Segment Open

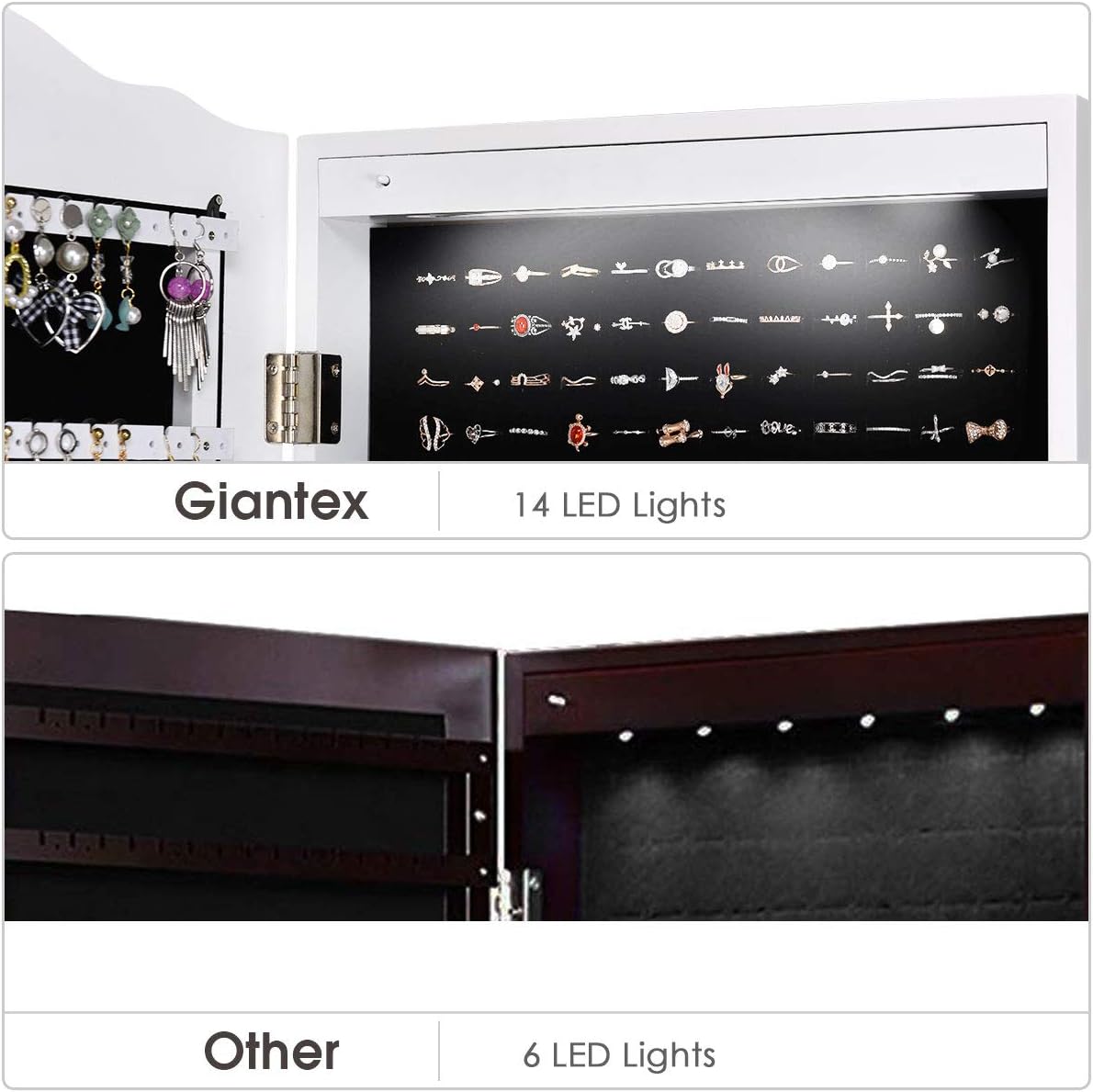 【Full Length Mirror & 14 Auto-ON LED】This jewelry cabinet is a combination of a full-length mirror and a jewelry cabinet. It can be used as a mirror for you to dress. It can also be used as a jewelry cabinet to store your daily jewelry. The auto-on LED lights are specially designed for you to pick up jewelry. (LED is powered by 3 AAA batteries, not included).
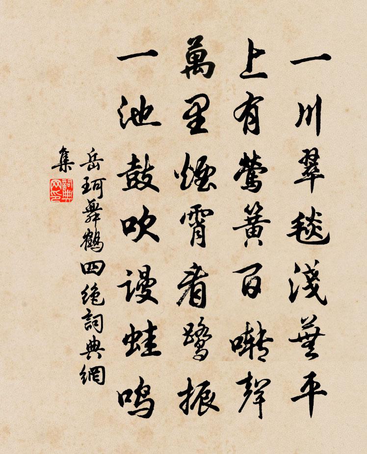 詩詞名句歷史字典書法欣賞書法字典國語詞典說文解字康熙字典古漢語字典標 題 作 者 詩 句 舞鶴四絕作者:岳珂 朝代:宋代舞鶴四絕原文一川翠毯淺蕪平,上有鶯簧百囀聲。萬里煙霄看鷺振,一池鼓吹謾蛙鳴。詩詞問答問:舞鶴四絕的作者是誰?答:岳珂問:舞鶴四絕寫於哪個朝代?答:宋代岳珂舞鶴四絕書法欣賞舞鶴四絕書法作品詩詞推薦林氏庵呈周練師林景英〔宋代〕遙跨青田鶴,翩翩到此來。庭生自家草,山有主人梅。掃石夜朝斗,雨田秋起雷。誰知塵影裹,清趣似蓬萊。座中詠蟬分韻得飢字吳龍翰〔宋代〕兩翼才乾殻已離,便升喬木最高枝。銀床落葉秋風裡,金掌盤敧曉露時。斷續翻成無調曲,悲涼做出苦吟詩。前身傷始平李少府正己褚亮〔唐代〕勞息本相循,悲歡理自均。誰能免玄夜,惜爾正青春。邁德惟家寶,生才諒國珍。高文綴翡翠,茂學掩麒麟。述作中秋復書趙蕃〔宋代〕涼生愁輾轉,月上照鬅鬙。林壑故對此,溪山逢未曾。吟哀蛩伴苦,書絕雁無憑。更欲留危坐,枝梧殆不勝。高塘橋高衡孫〔宋代〕碧荷色猶懶,紫花香漸多。過橋通故里,分界入新河。土潤何功治,沙平不用磨。衣冠今已矣,從此想鳴珂。臨江郡齋邀涼亭分韻得居字彭龜年〔宋代〕子猷猶愛竹,愛竹意已疏。著腳踏危機,肉相元未除。要識竹情性,顧我求其初。是中儻虛明,處處我與居。公侯寒食前一日行部過牛首山七首楊萬里〔宋代〕帛山恨骨已寒灰,盡禁廚煙肯更回。老病不禁餿食冷,杏花餳粥湯將來。村舍雜書陸游〔宋代〕我居大澤中,一舟不可無。短篷挾兩槳,疾若波中鳧。來往菰蘆村,按行瓜芋區。浮家亦可樂,何必愛吾廬。即事四首王炎〔宋代〕半日肩輿走,歸來已薾然。倦談懸麈尾,清坐炷龍涎。有累緣餬口,何時可息肩。靈襟要淘洗,盥手閱韋編。持國遺食梅堯臣〔宋代〕乞食非為貧,妻病妾且死。晨爨不暖釜,朝飯亦輟匕。遺我我所恤,食我我所恥。我恥曾我求,我恤寧我止。應乏過長河堰朱南傑〔宋代〕帆指長河風力微,漁舟個個有魚歸。一聲水際笛三弄,幾處梅邊竹四圍。桑伐遠揚蠶事熟,花消濃艷柳綿飛。西湖次馬季思十韻蘇泂〔宋代〕巷內窗有佳人,窗其志介如窗石。沉酣數千卷,徑草無行跡。秋清入肺胃,籬落牽牛碧。詩成錦繡段,裁剸非刀尺春雨吳融〔唐代〕霏霏漠漠暗和春,冪翠凝紅色更新。寒入膩裘濃曉睡,細隨油壁靜香塵。連雲似織休迷雁,帶柳如啼好贈人。別有次陳頤剛與許拾遺酬唱之作廖行之〔宋代〕奇謀端合贊幾沈,何事山林意味深。引類古人方厚祿,憂時百念可灰心。會看覽德翔千仞,未信乾霄老百尋。卻笑夏日吳中寄內陳維崧〔清代〕記睡醒紗巾輕墮,又促床移,樹陰中臥。院悄人稀,舉首閒數碧星顆。月華浴簟,漸月映、中門鎖。喚綠茗盈盈,烘被詩姜特立〔宋代〕烘被龜藏六,焞焞梨棗春。不唯勻踵息,且以暖腰身。捫虱閒尋句,聽雞怕及晨。是中有真味,不羨北窗人。送宋省元教授吉州徐璣〔宋代〕州名因水得,此地昔曾游。自有歐公宅,常多儒者流。野花開別岸,春色在行舟。勉就詩書教,名高不用求。題汪水雲詩卷楊學周〔宋代〕握手論心不記年,重逢仍似地行仙。琴彈碧玉時三弄,袖有驪珠近百篇。嶽麓曉行雲外履,湘潭夜醉月中船。它時寄洪洲新建知縣張康釋保暹〔宋代〕遠聽弦歌樂部封,放衙乘醉半疏慵。家辭南越地千里,縣管西山有幾峰。人望廢田禾影合,吏愁空獄蘚痕重。孺亭蘇州十詠其五閶門范仲淹〔宋代〕吳門聳閶闔,迎送每躋攀。一水帝鄉路,片雲師子山。落鴻漁釣外,斜柳別離間。白傅歸休處,盤桓幾厚顏。名句推薦天涯失鄉路,江外老華發。李白《江南春懷》 罔游於逸,罔淫于樂。佚名《尚書·虞書·大禹謨》 馬驕泥軟錦連乾,香袖半籠鞭。薛昭蘊《喜遷鶯·清明節》 俯皇都之宏麗兮,瞰雲霞之浮動。曹植《銅雀台賦》 晨起動征鐸,客行悲故鄉。溫庭筠《商山早行》 竹樹無聲或有聲,霏霏漠漠散還凝。杜荀鶴《春日山中對雪有作》 所謂敬天者,不獨嚴而有禮,當有其實。張廷玉《明史·本紀·卷三》 自春來、慘綠愁紅,芳心是事可可。柳永《定風波·自春來》 故視強,則目不明;聽甚,則耳不聰;思慮過度,則智識亂。韓非及後人《韓非子·解老》 故園渺何處,歸思方悠哉。韋應物《聞雁》
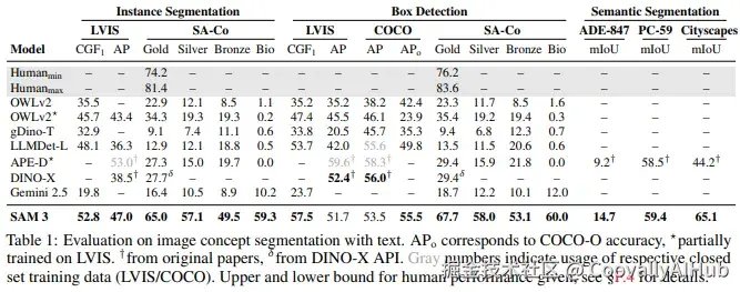 图像分割上,SAM 3在LVIS数据集上的零样本mask AP达到47.0,远超之前的SOTA模型。在其提出的SA-Co基准上,其CGF₁指标更是达到最强基线的2倍以上。

Segment Closed

Please make an exact copy of the whole listing and leave out its pictures.

Exercise solution =>
 【Full Length Mirror & 14 Auto-ON LED】This jewelry cabinet is a combination of a full-length mirror and a jewelry cabinet. It can be used as a mirror for you to dress. It can also be used as a jewelry cabinet to store your daily jewelry. The auto-on LED lights are specially designed for you to pick up jewelry. (LED is powered by 3 AAA batteries, not included).
 詩詞名句歷史字典書法欣賞書法字典國語詞典說文解字康熙字典古漢語字典標 題 作 者 詩 句 舞鶴四絕作者:岳珂 朝代:宋代舞鶴四絕原文一川翠毯淺蕪平,上有鶯簧百囀聲。萬里煙霄看鷺振,一池鼓吹謾蛙鳴。詩詞問答問:舞鶴四絕的作者是誰?答:岳珂問:舞鶴四絕寫於哪個朝代?答:宋代岳珂舞鶴四絕書法欣賞舞鶴四絕書法作品詩詞推薦林氏庵呈周練師林景英〔宋代〕遙跨青田鶴,翩翩到此來。庭生自家草,山有主人梅。掃石夜朝斗,雨田秋起雷。誰知塵影裹,清趣似蓬萊。座中詠蟬分韻得飢字吳龍翰〔宋代〕兩翼才乾殻已離,便升喬木最高枝。銀床落葉秋風裡,金掌盤敧曉露時。斷續翻成無調曲,悲涼做出苦吟詩。前身傷始平李少府正己褚亮〔唐代〕勞息本相循,悲歡理自均。誰能免玄夜,惜爾正青春。邁德惟家寶,生才諒國珍。高文綴翡翠,茂學掩麒麟。述作中秋復書趙蕃〔宋代〕涼生愁輾轉,月上照鬅鬙。林壑故對此,溪山逢未曾。吟哀蛩伴苦,書絕雁無憑。更欲留危坐,枝梧殆不勝。高塘橋高衡孫〔宋代〕碧荷色猶懶,紫花香漸多。過橋通故里,分界入新河。土潤何功治,沙平不用磨。衣冠今已矣,從此想鳴珂。臨江郡齋邀涼亭分韻得居字彭龜年〔宋代〕子猷猶愛竹,愛竹意已疏。著腳踏危機,肉相元未除。要識竹情性,顧我求其初。是中儻虛明,處處我與居。公侯寒食前一日行部過牛首山七首楊萬里〔宋代〕帛山恨骨已寒灰,盡禁廚煙肯更回。老病不禁餿食冷,杏花餳粥湯將來。村舍雜書陸游〔宋代〕我居大澤中,一舟不可無。短篷挾兩槳,疾若波中鳧。來往菰蘆村,按行瓜芋區。浮家亦可樂,何必愛吾廬。即事四首王炎〔宋代〕半日肩輿走,歸來已薾然。倦談懸麈尾,清坐炷龍涎。有累緣餬口,何時可息肩。靈襟要淘洗,盥手閱韋編。持國遺食梅堯臣〔宋代〕乞食非為貧,妻病妾且死。晨爨不暖釜,朝飯亦輟匕。遺我我所恤,食我我所恥。我恥曾我求,我恤寧我止。應乏過長河堰朱南傑〔宋代〕帆指長河風力微,漁舟個個有魚歸。一聲水際笛三弄,幾處梅邊竹四圍。桑伐遠揚蠶事熟,花消濃艷柳綿飛。西湖次馬季思十韻蘇泂〔宋代〕巷內窗有佳人,窗其志介如窗石。沉酣數千卷,徑草無行跡。秋清入肺胃,籬落牽牛碧。詩成錦繡段,裁剸非刀尺春雨吳融〔唐代〕霏霏漠漠暗和春,冪翠凝紅色更新。寒入膩裘濃曉睡,細隨油壁靜香塵。連雲似織休迷雁,帶柳如啼好贈人。別有次陳頤剛與許拾遺酬唱之作廖行之〔宋代〕奇謀端合贊幾沈,何事山林意味深。引類古人方厚祿,憂時百念可灰心。會看覽德翔千仞,未信乾霄老百尋。卻笑夏日吳中寄內陳維崧〔清代〕記睡醒紗巾輕墮,又促床移,樹陰中臥。院悄人稀,舉首閒數碧星顆。月華浴簟,漸月映、中門鎖。喚綠茗盈盈,烘被詩姜特立〔宋代〕烘被龜藏六,焞焞梨棗春。不唯勻踵息,且以暖腰身。捫虱閒尋句,聽雞怕及晨。是中有真味,不羨北窗人。送宋省元教授吉州徐璣〔宋代〕州名因水得,此地昔曾游。自有歐公宅,常多儒者流。野花開別岸,春色在行舟。勉就詩書教,名高不用求。題汪水雲詩卷楊學周〔宋代〕握手論心不記年,重逢仍似地行仙。琴彈碧玉時三弄,袖有驪珠近百篇。嶽麓曉行雲外履,湘潭夜醉月中船。它時寄洪洲新建知縣張康釋保暹〔宋代〕遠聽弦歌樂部封,放衙乘醉半疏慵。家辭南越地千里,縣管西山有幾峰。人望廢田禾影合,吏愁空獄蘚痕重。孺亭蘇州十詠其五閶門范仲淹〔宋代〕吳門聳閶闔,迎送每躋攀。一水帝鄉路,片雲師子山。落鴻漁釣外,斜柳別離間。白傅歸休處,盤桓幾厚顏。名句推薦天涯失鄉路,江外老華發。李白《江南春懷》 罔游於逸,罔淫于樂。佚名《尚書·虞書·大禹謨》 馬驕泥軟錦連乾,香袖半籠鞭。薛昭蘊《喜遷鶯·清明節》 俯皇都之宏麗兮,瞰雲霞之浮動。曹植《銅雀台賦》 晨起動征鐸,客行悲故鄉。溫庭筠《商山早行》 竹樹無聲或有聲,霏霏漠漠散還凝。杜荀鶴《春日山中對雪有作》 所謂敬天者,不獨嚴而有禮,當有其實。張廷玉《明史·本紀·卷三》 自春來、慘綠愁紅,芳心是事可可。柳永《定風波·自春來》 故視強,則目不明;聽甚,則耳不聰;思慮過度,則智識亂。韓非及後人《韓非子·解老》 故園渺何處,歸思方悠哉。韋應物《聞雁》
 图像分割上,SAM 3在LVIS数据集上的零样本mask AP达到47.0,远超之前的SOTA模型。在其提出的SA-Co基准上,其CGF₁指标更是达到最强基线的2倍以上。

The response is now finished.